LA VITA IN UNA LACRIMA

da | Ago 4, 2025 | BLOG

LA VITA IN UNA LACRIMA

da | Ago 4, 2025 | BLOG

Riflettiamo: che cosa sono per noi le lacrime? Nel sentire comune, sono molteplici i significati che gli si possono conferire: quello più scontato, forse banale e anche un pò materialistico, le lacrime sono un secreto biologico degli occhi che esprime una normale o patologica reazione ad una irritazione di varia origine. Il significato invece, più legato alla nostra sensibilità, è la componente fisiologica di una emozione intensa sia essa di gioia che di dolore. Infatti, una barzelletta ben raccontata o un lutto grave conducono alla stessa reazione di pianto.

L’ultimo è quello psicologico che comprende il pianto di rabbia e di impotenza di fronte ad una sollecitazione a cui non si riesce a fare fronte. Quindi sono innumerevoli gli eventi emotivamente pregnanti che ci conducono ad avere le guance rigate di lacrime.

A questo punto cosa possiamo dire di nuovo sulle lacrime, o addirittura di una singola, lacrima? L’analisi fattuale ci dice che ogni singola lacrima, lungi dall’essere una goccia di liquido salino e incolore, racchiude fatti, emozioni, eventi che con certezza si sono impressi in maniera, talvolta indelebile, nella nostra memoria. Ogni lacrima diventa allora il backup di una storia, bella o brutta che sia, e che costituisce l’intero film della nostra vita. Al suo interno si sciolgono passioni, dolori, delusioni, aspettative, gioie intense che talvolta, nel rieditarsi grazie alla memoria, generano l’originaria reazione emozionale e sentimentale: il pianto.

Nell’approfondire questo significato appena abbozzato, domandiamoci: noi personalmente che valore diamo alle nostre lacrime e a quelle delle persone che condividono con noi momenti forti della vita? Abbiamo la sensibilità di soffermarci tentando di entrare nel loro intimo con cuore disponibile a condividere e a comprendere? Purtroppo, non sempre si trova questa sensibilità. Basti ricordare la becera pedagogia di un tempo, per fortuna passata, in cui i genitori dicevano ai figli anche in malo modo: “Non devi piangere”. Oppure privilegiando il figlio maschio di una certa anti-pedagogia inveivano dicendo: “I maschi non piangono!”.

Dobbiamo ammettere che talvolta in maniera incolpevole di fronte alla sofferenza di chi si dibatte in una malattia (o in qualunque forma di dolore) e condivide i suoi patemi anche con l’intimità delle lacrime, più facilmente (pensando di fare bene) si cerca di minimizzare con facili inviti ad un ottimismo disconnesso con la gravità della situazione. Io penso che questa reazione di fronte al dolore di chi si ama non sia frutto di insensibilità, anzi forse sono proprio quelle lacrime che ci mettono in difficoltà rendendo insopportabile accoglierle. Il segno più credibile che si è compreso il dramma della persona sofferente, qualunque sia ragione, potrebbe essere un semplice abbraccio, caldo e silenzioso. Poche parole che possono permettere alle lacrime di entrate in sintonia e di parlarsi.

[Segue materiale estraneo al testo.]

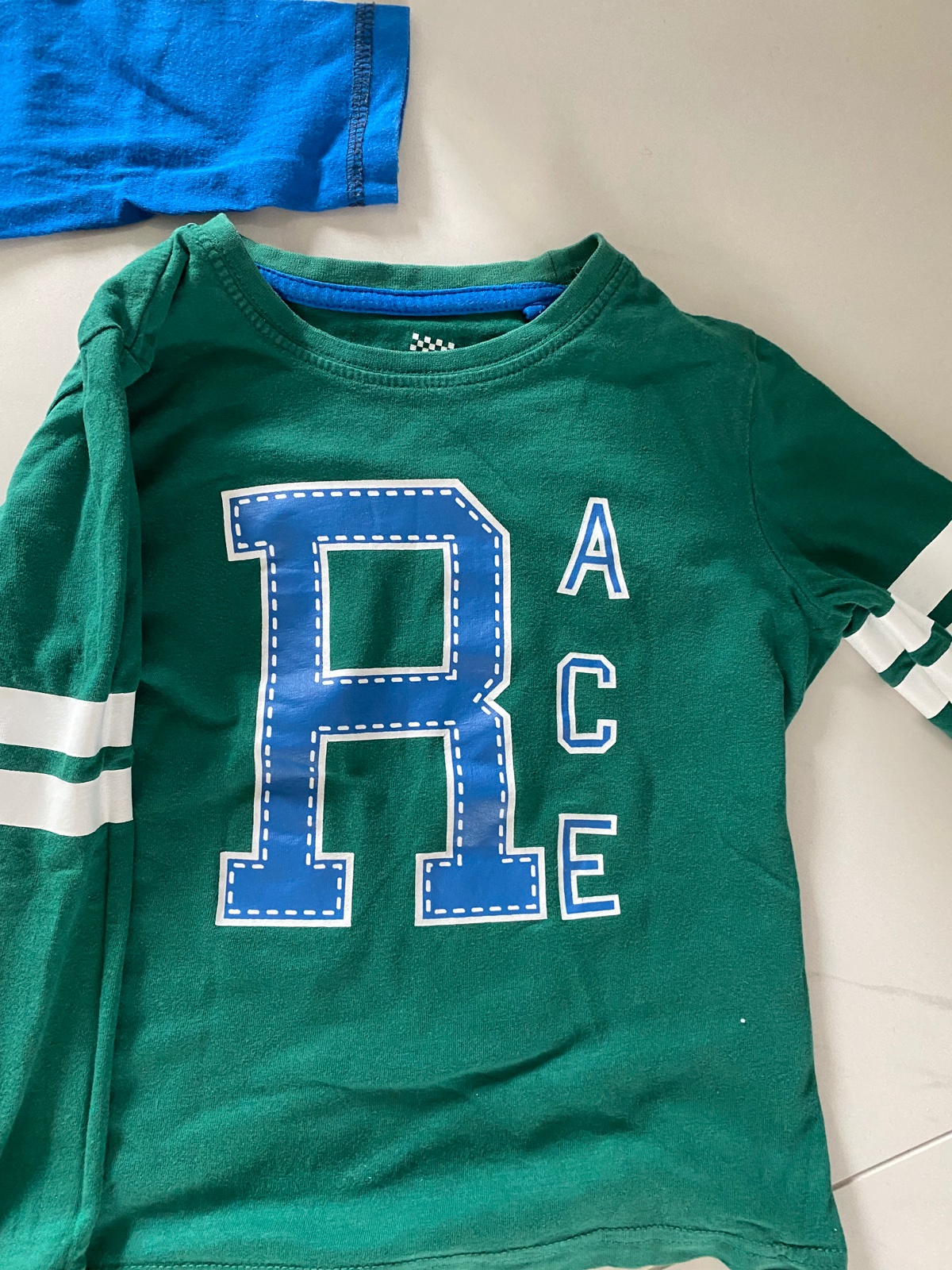 Tričká lupilu , veľkosť 98-104 . Nosené mojim synčekom.Na pružkovanom žmolok z prania. Tmavé je bez poškodenia, tá aplikácia taká bola.

Non una volta, nella mia lunghissima professione di psicoterapeuta, mi sono trovato a trattenere a stento le lacrime di fronte ad un paziente che in maniera accorata ed emozionalmente viva, mi apriva il suo cuore mostrandolo con fiducia ed abbandono.

Saper decodificare quanto racchiuso in una lacrima è un grande dono sia per chi comprende che per chi vorrebbe essere compreso. Che meraviglia! Tutto, però, può essere raggiunto solo con una iniziale e corretta valorizzazione delle lacrime.

A questo proposito la cronaca giornalistica ci mostra, quasi quotidianamente, come gesti di crudeltà e ferocia continuano ad essere perpetrati dopo che la vittima ha certamente implorato, anche piangendo, al suo carnefice di smettere. Tutti ci chiediamo come sia possibile. Il dolore e le lacrime, che in alcuni sciolgono il cuore, in altri scatenano impulsi beluini. Mistero dell’imperfezione umana di cui si può cogliere il senso solo speculando sulla natura del bene e del male.

Concludendo possiamo dire che solo uno sguardo capace di andare oltre la scena, la cui linea di confine spesso è un semplice pianto, ci rende capaci di farsi “prossimo per qualcuno” che ha bisogno di noi, come cirenei. Attenzione però, non siamo nell’ambito della pietà, che spesso crea più un solco di divisione che vicinanza, ma siamo nella com-passione ovvero nella disponibilità piena a condividere tutto l’insieme, dalla scena fattuale della storia a quelle delle lacrime che rappresentano la cartina tornasole di quello che si muove nella mente, nel cuore e nell’anima.